Package 'DNH4'

Title: Crawling for Daum News Text
Description: Provides some utils to get Korean text sample from news articles in Daum which is popular news portal service in Korea.
Authors: Chanyub Park [aut, cre]
Maintainer: Chanyub Park <[email protected]>
License: MIT + file LICENSE
Version: 0.1.12
Built: 2024-11-08 02:56:22 UTC
Source: https://github.com/forkonlp/DNH4

Help Index


Get All Comment

Description

Get daum news comments

Usage

getAllComment(turl, sort = c("RECOMMEND", "LATEST"))

Arguments

turl

like 'http://v.media.daum.net/v/20161117210603961'.

sort

you can select RECOMMEND, LATEST. RECOMMEND is Default.

Value

a [tibble][tibble::tibble-package]


Get Comment

Description

Get daum news comments

Usage

getComment(
  turl,
  limit = 10,
  offset = 0,
  parentId = 0,
  sort = c("RECOMMEND", "LATEST"),
  type = c("df", "list")
)

Arguments

turl

like 'http://v.media.daum.net/v/20161117210603961'.

limit

is number of comment. Default is 10.

offset

is comment number of start.
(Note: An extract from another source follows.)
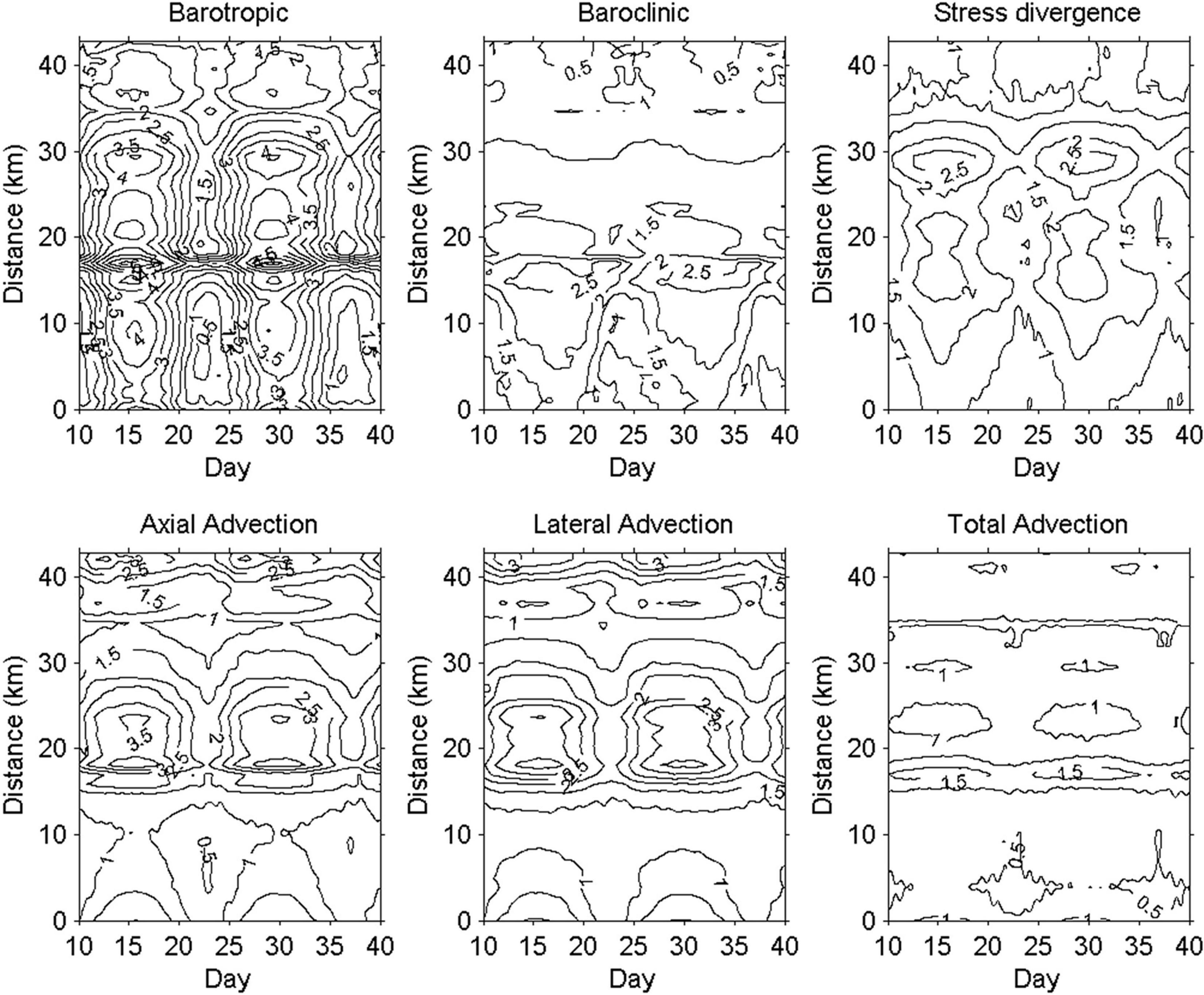 Although the absolute magnitudes of two advection terms are markedly high, the cross-sectionally averaged absolute subtidal total advection term (, the top bar indicating cross-sectional average) is much reduced, indicating that the axial and lateral advections almost balance each other in the PRE. But the magnitude of the total nonlinear advection is still comparable with the other terms (Figure 4). The fortnight variation of momentum terms of Eq. 7 are significant in which they have larger values during spring tide (e.g., days 15.5 and 30) than that during neap tide (e.g., days 23 and 37.5) along the channel except the baroclinic pressure term. The baroclinic pressure has a similar trend with other terms from the lower PRE to the low portion of the upper PRE (about 30 km), but it reverses in the remaining portion of the PRE (30–44 km) that is consistent with the along-channel salinity gradient distribution shown in Figure 3F.
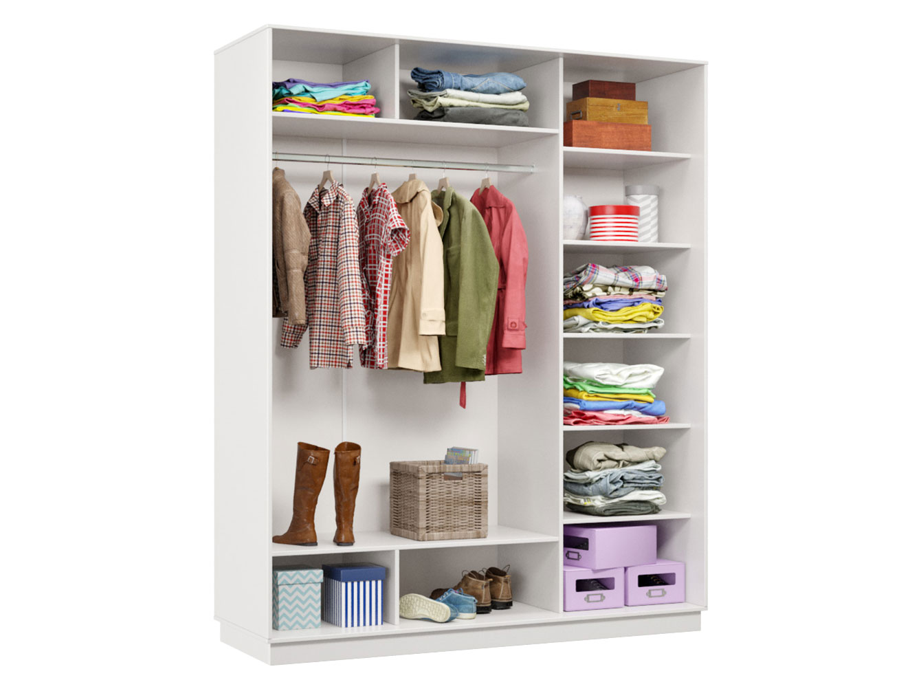 Лаконичный дизайн с гладкими фасадами и отсутствием лицевой фурнитуры легко интегрировать в разные стили меблировки. Внутри расположена большая секция со штангой для плечиков, а также ряд полок для домашнего текстиля и аксессуаров. Дверцы плавно и бесшумно передвигаются по однополосному треку, обеспечивая быстрый доступ к нужному отделению.

Default is 0.

parentId

Default is 0.

sort

you can select RECOMMEND, LATEST. RECOMMEND is Default.

type

return type. Default is tibble. It may sometimes warn message.

Value

a [tibble][tibble::tibble-package]


Get Content

Description

Get daum news content from links.

Usage

getContent(turl = url)

Arguments

turl

is daum news link.

Value

a [tibble][tibble::tibble-package] (url,datetime,press,title,content).


Get News Main Categories

Description

Get daum news main category names and ids recently.

Usage

getMainCategory(fresh = FALSE)

Arguments

fresh

If TRUE, get data from internet. Default is FALSE which is return with cache.

Value

Get data.frame(chr:cate_name, chr:url).

Examples

getMainCategory()

Get Max Page Number

Description

Get Max Page Number

Usage

getMaxPageNum(turl = url)

Arguments

turl

is target url include breakingnews, category url, date without regDate like below. 'https://news.daum.net/breakingnews/politics/administration?regDate=20220305'

Value

Get numeric


Get News Sub Categories

Description

Get daum news sub category names and urls recently.

Usage

getSubCategory(categoryUrl = "society", fresh = FALSE)

Arguments

categoryUrl

Main category url in daum news. Only 1 value is passible. Default is society.

fresh

If TRUE, get data from internet. Default is FALSE which is return with cache.

Value

Get data.frame(chr:sub_cate_name, chr:url).

Examples

getSubCategory()
  getSubCategory("politics")

Get Url List

Description

Get daum news titles and links from target url.

Usage

getUrlList(turl = url)

Arguments

turl

is target url daum news.

Value

a [tibble][tibble::tibble-package](news_title, news_links).